Task directions: Only one stretch of the data below should be repeated: the lines from the line containing "The menu at" through the line containing "第三步:(針對沒有登陸注冊過", inclusive, exactly as they are.

Data supplied:
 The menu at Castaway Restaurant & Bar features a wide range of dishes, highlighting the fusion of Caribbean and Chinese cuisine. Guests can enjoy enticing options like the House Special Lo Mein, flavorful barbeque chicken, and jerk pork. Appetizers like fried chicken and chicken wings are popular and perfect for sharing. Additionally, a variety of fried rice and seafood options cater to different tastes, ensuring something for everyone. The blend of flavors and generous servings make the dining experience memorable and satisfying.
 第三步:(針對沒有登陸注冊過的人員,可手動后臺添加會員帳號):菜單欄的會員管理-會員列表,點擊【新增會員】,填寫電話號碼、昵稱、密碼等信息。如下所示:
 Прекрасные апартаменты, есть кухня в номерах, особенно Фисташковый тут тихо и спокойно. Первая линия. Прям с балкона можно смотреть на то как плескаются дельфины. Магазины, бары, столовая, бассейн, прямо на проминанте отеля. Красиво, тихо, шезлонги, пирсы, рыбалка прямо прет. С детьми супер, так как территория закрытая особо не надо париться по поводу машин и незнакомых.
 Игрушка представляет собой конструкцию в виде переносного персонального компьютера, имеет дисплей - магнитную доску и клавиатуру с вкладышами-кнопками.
--
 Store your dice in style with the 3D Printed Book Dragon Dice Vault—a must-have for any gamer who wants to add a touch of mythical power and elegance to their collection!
---
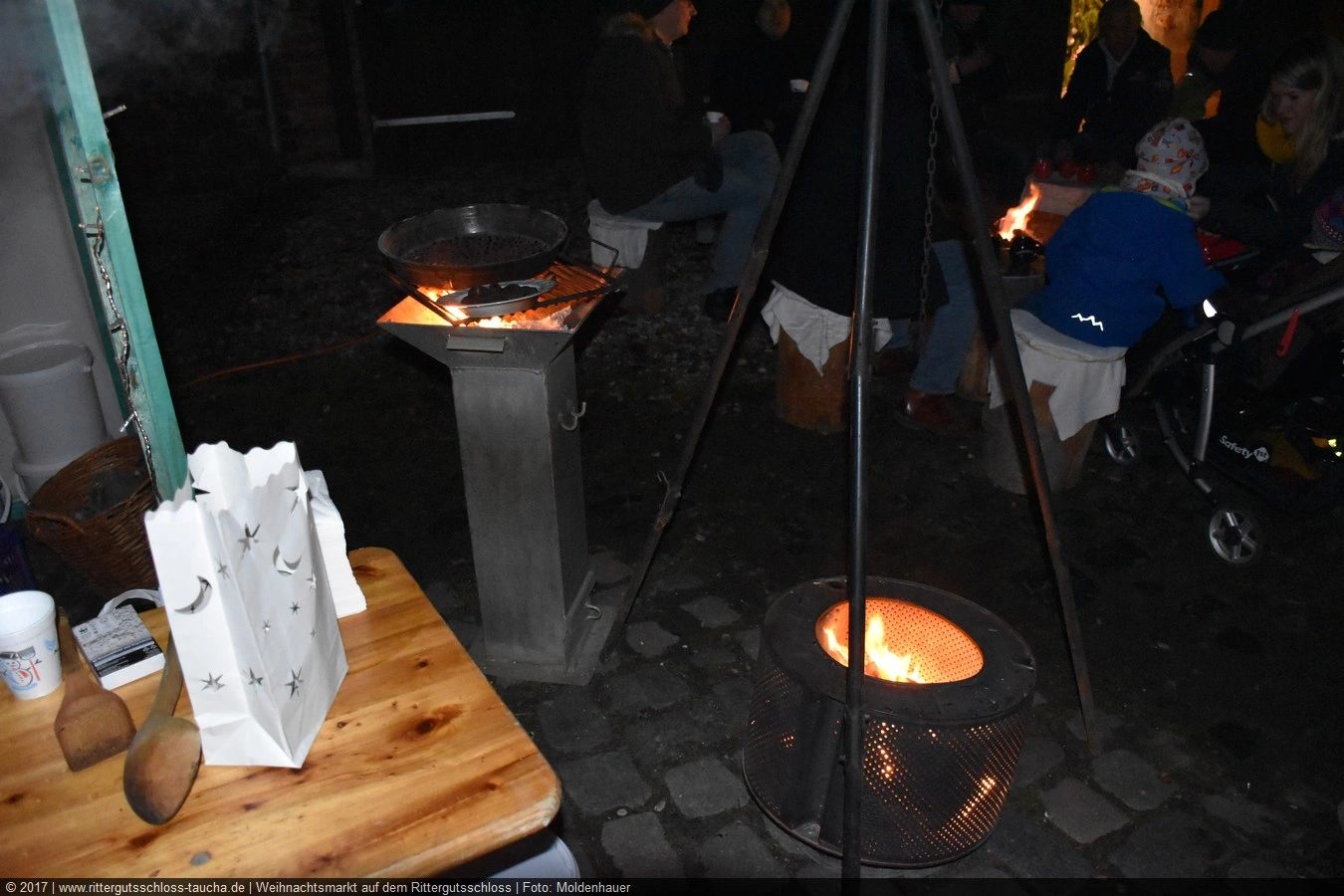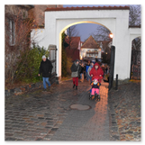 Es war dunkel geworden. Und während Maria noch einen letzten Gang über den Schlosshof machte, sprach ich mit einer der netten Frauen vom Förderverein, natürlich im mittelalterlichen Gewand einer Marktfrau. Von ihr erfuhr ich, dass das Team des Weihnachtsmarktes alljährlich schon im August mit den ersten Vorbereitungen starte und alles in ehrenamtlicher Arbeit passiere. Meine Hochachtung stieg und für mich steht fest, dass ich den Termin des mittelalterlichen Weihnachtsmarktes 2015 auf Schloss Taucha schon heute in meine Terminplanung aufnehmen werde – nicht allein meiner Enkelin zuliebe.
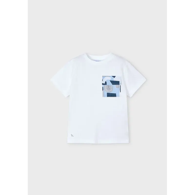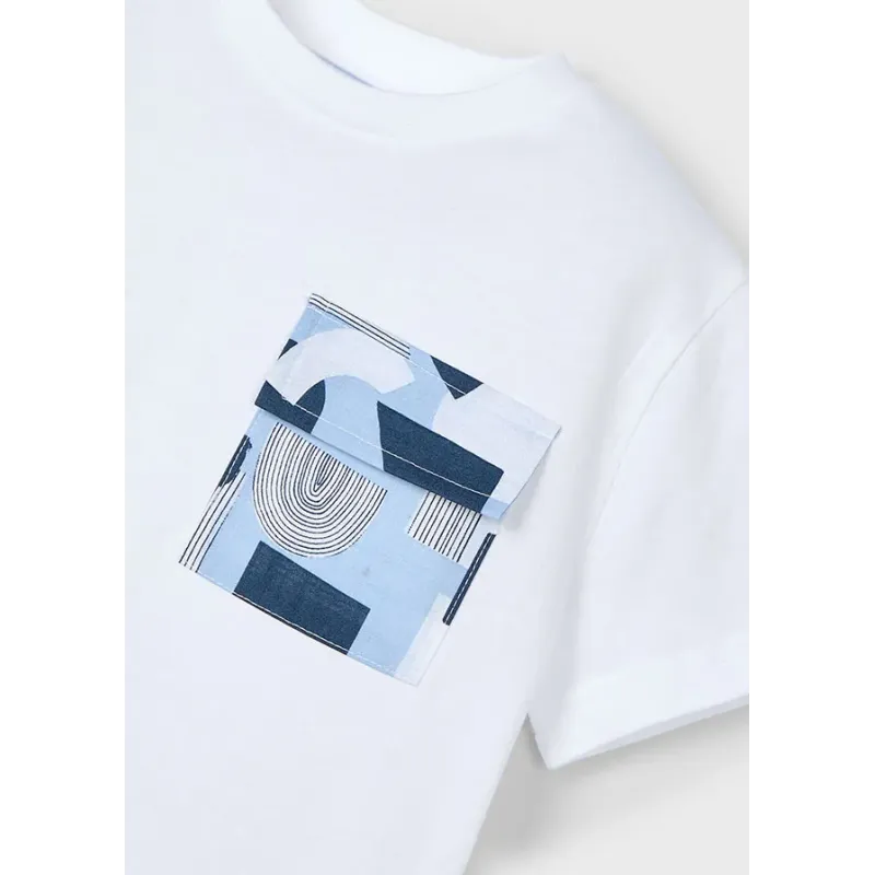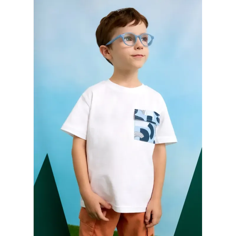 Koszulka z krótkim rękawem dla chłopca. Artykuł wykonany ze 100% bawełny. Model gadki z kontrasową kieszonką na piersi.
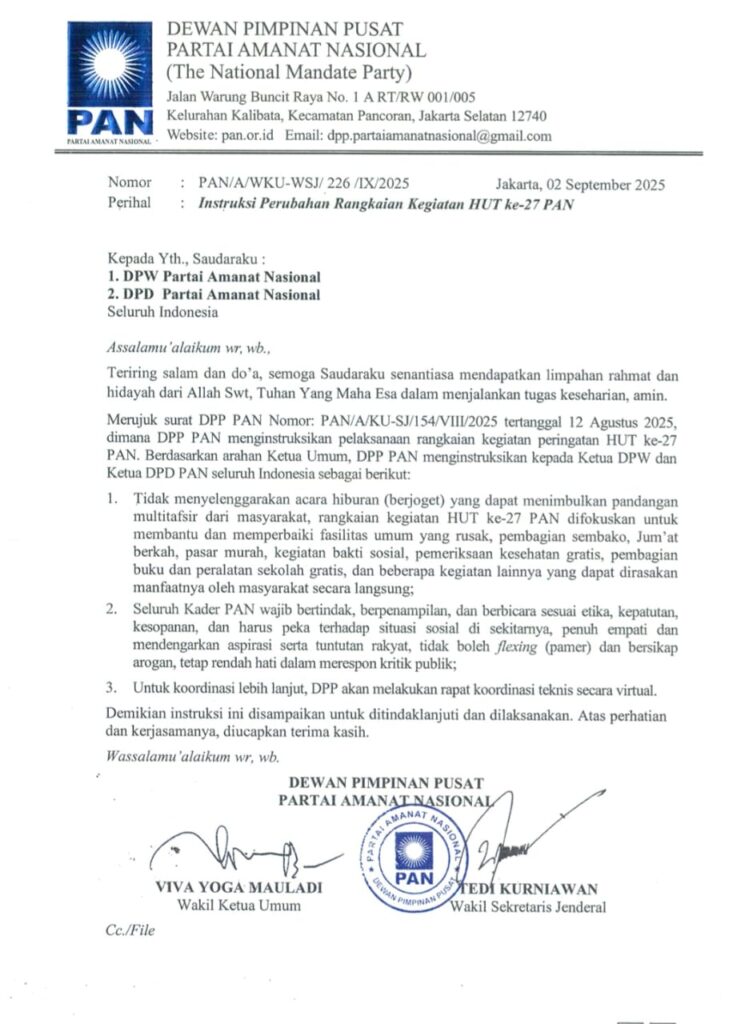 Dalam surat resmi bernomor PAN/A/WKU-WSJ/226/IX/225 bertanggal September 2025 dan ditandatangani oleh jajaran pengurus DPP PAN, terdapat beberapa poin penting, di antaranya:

Response:
 The menu at Castaway Restaurant & Bar features a wide range of dishes, highlighting the fusion of Caribbean and Chinese cuisine. Guests can enjoy enticing options like the House Special Lo Mein, flavorful barbeque chicken, and jerk pork. Appetizers like fried chicken and chicken wings are popular and perfect for sharing. Additionally, a variety of fried rice and seafood options cater to different tastes, ensuring something for everyone. The blend of flavors and generous servings make the dining experience memorable and satisfying.
 第三步:(針對沒有登陸注冊過的人員,可手動后臺添加會員帳號):菜單欄的會員管理-會員列表,點擊【新增會員】,填寫電話號碼、昵稱、密碼等信息。如下所示:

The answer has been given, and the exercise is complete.